Does the firewall block the traffic to that particular machine? Maybe someone doesn't want you to look at that particular site and has instructed the firewall to block traffic to and/or from that site.
Inspect the firewall. The problem seems to be on the firewall. Test the interfaces on the firewall, inspect the firewalling rules, check the cabling etc.
Is our eth0 interface up? This can be tested by issuing the command ifconfig eth0.
Are your route definitions as they should be? Think of things like default gateway. The route table can be viewed by issuing the command route -n.

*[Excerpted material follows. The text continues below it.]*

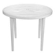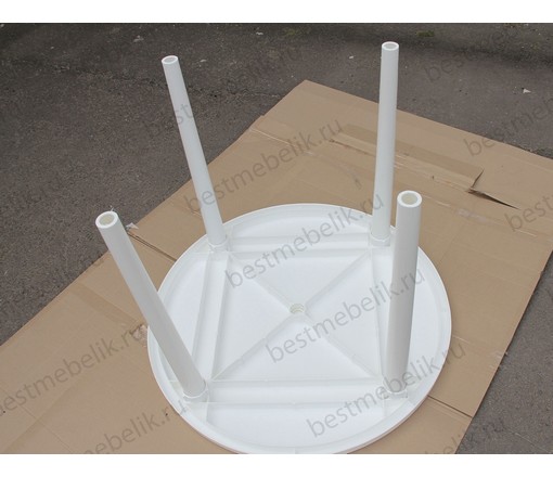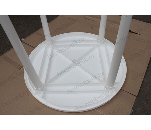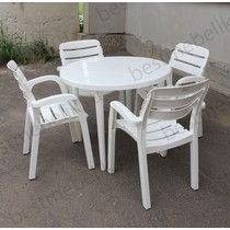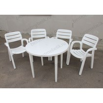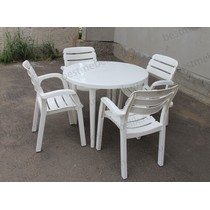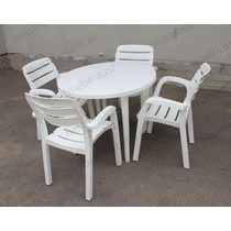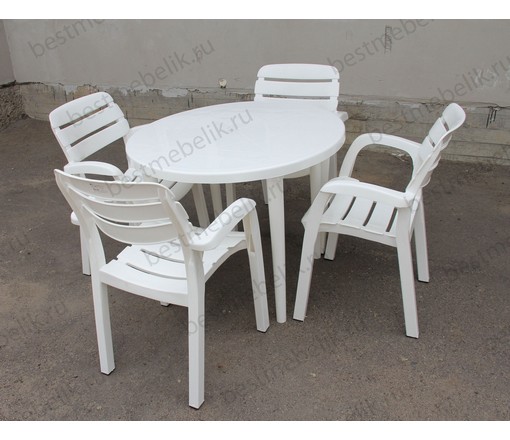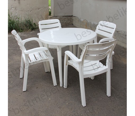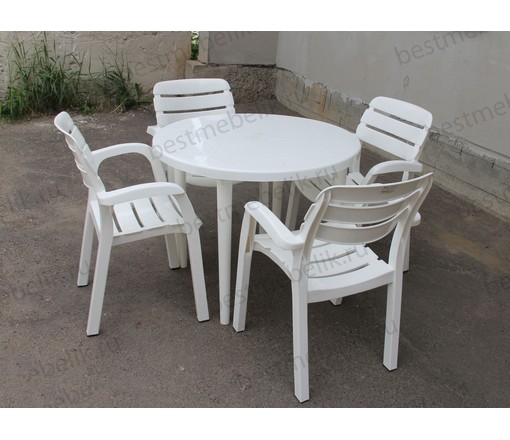 Набор пластиковой мебели состоит из компактного круглого стола и четырех кресел Далгория.

Is there a physical reason for the problem? Check if the the problem is in the cabling. This could be a defective cable or a badly shielded one. Putting power supply cabling and data cabling through the same tube without metal shielding between the two of them can cause unpredictable, hard to reproduce, errors in the data transmission.